This repo contains a library of "cell profile matrices" - matrices giving the average expression profiles of all cell types found in a tissue. Each matrix in the library was derived from a single scRNA-seq experiment. (The "lung_plus_neutrophils" matrix is an exception - it is an amalgam of two cell profile matrices.)
For details on the generation of these matrices, see Danaher & Kim (2020), "Advances in mixed cell deconvolution enable quantification of cell types in spatially-resolved gene expression data."
These matrices can be downloaded directly.
In addition, they can be downloaded within an R session using the "download_profile_matrix" function from the SpatialDecon package.

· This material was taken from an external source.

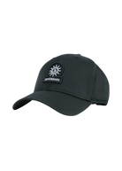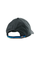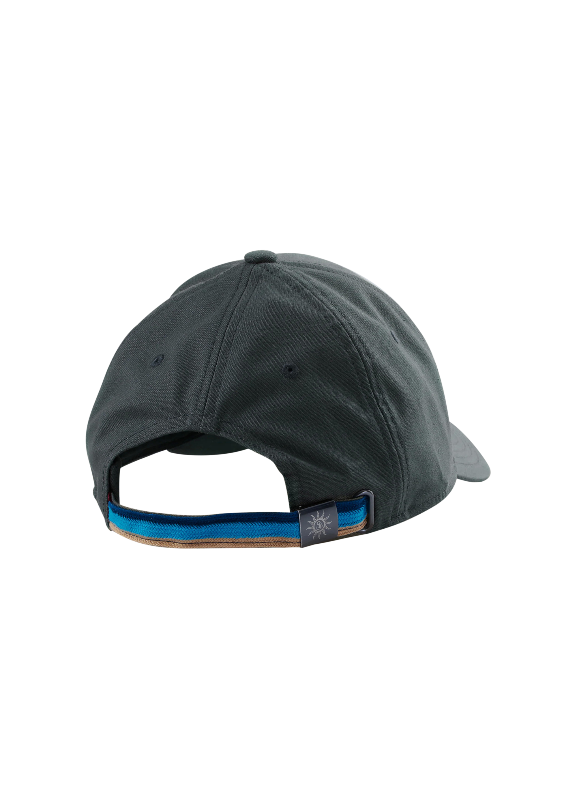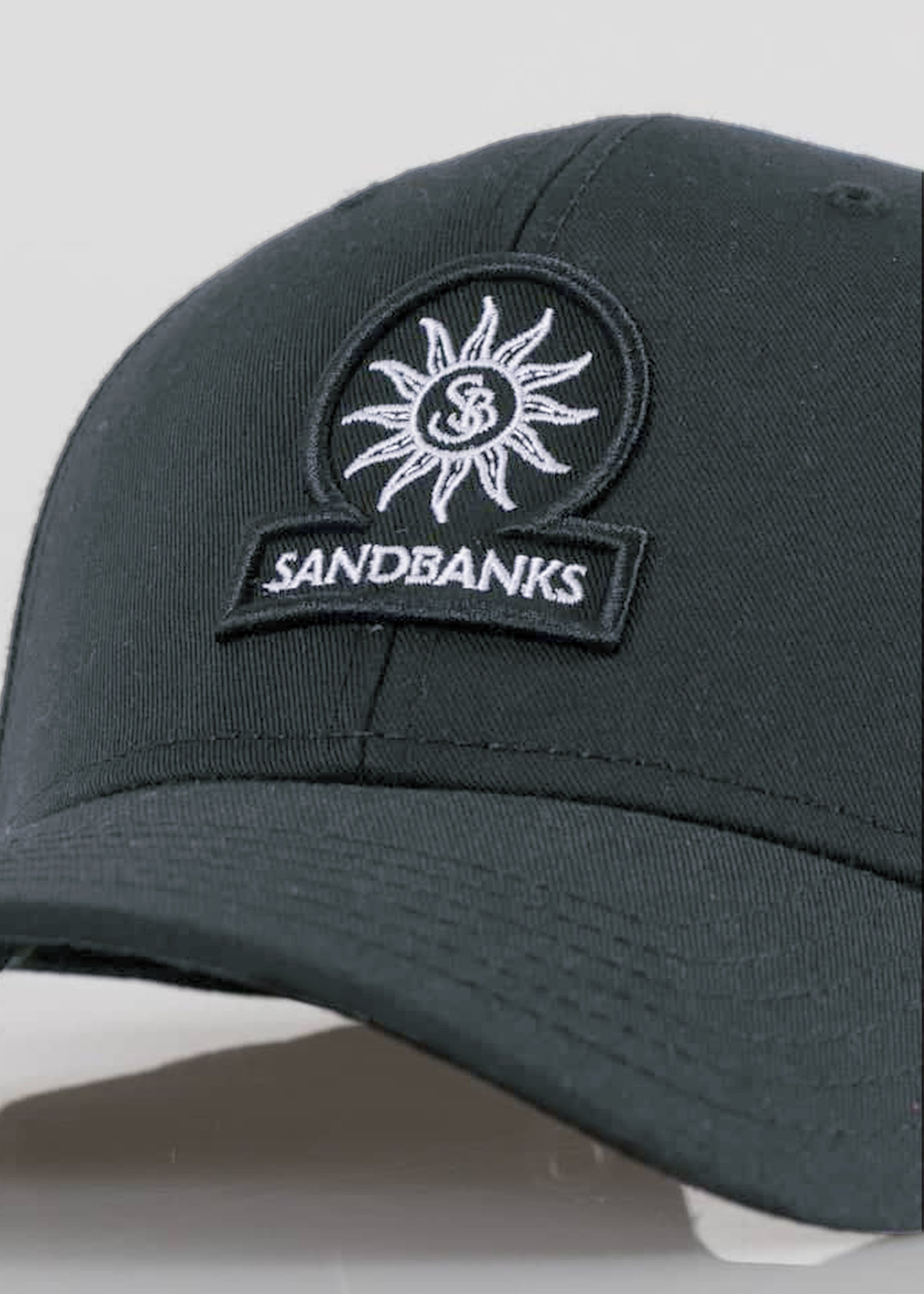 Sandbanks Badge Logo strap-back cap in anthracite with black badge and white embroidered logo made entirely from recycled polyester (plastic bottles) and features, knitted tri-colour rear strap and laser engraved SB logo fastener in gun metal.

From the Methods section of Danaher & Kim, "Advances in mixed cell deconvolution enable quantification of cell types in spatial transcriptomic data":
"27 single cell RNA-seq studies were downloaded from The Broad Institute Single Cell Portal. For raw gene expression (GE) matrices, cells were removed if they fell below the inflection point, were considered empty by emptyDrops22, had a gene count above 2.5x average gene count, or had a percentage of mitochondrial genes > 0.05. Genes were removed if they appeared in less than 2 cells or had low biological significance as measured by scran23. Cells were clustered and marker genes identified using Seurat24. Clustered marker genes were compared to PanglaoDB18 marker genes (ubiquitousness index < 0.1, sensitivity > 0.6, specificity < 0.4, canonical marker). Cell clusters were named according to the PanglaoDB cell type with the most overlapping marker genes. All cell cluster names were manually reviewed for correctness. When data sets had already been annotated with cell type calls, the existing cell type calls were retained. Only cell clusters with more than 10 cells were reported. Each cell cluster's profile was reported as the arithmetic mean of its cells' expression profiles."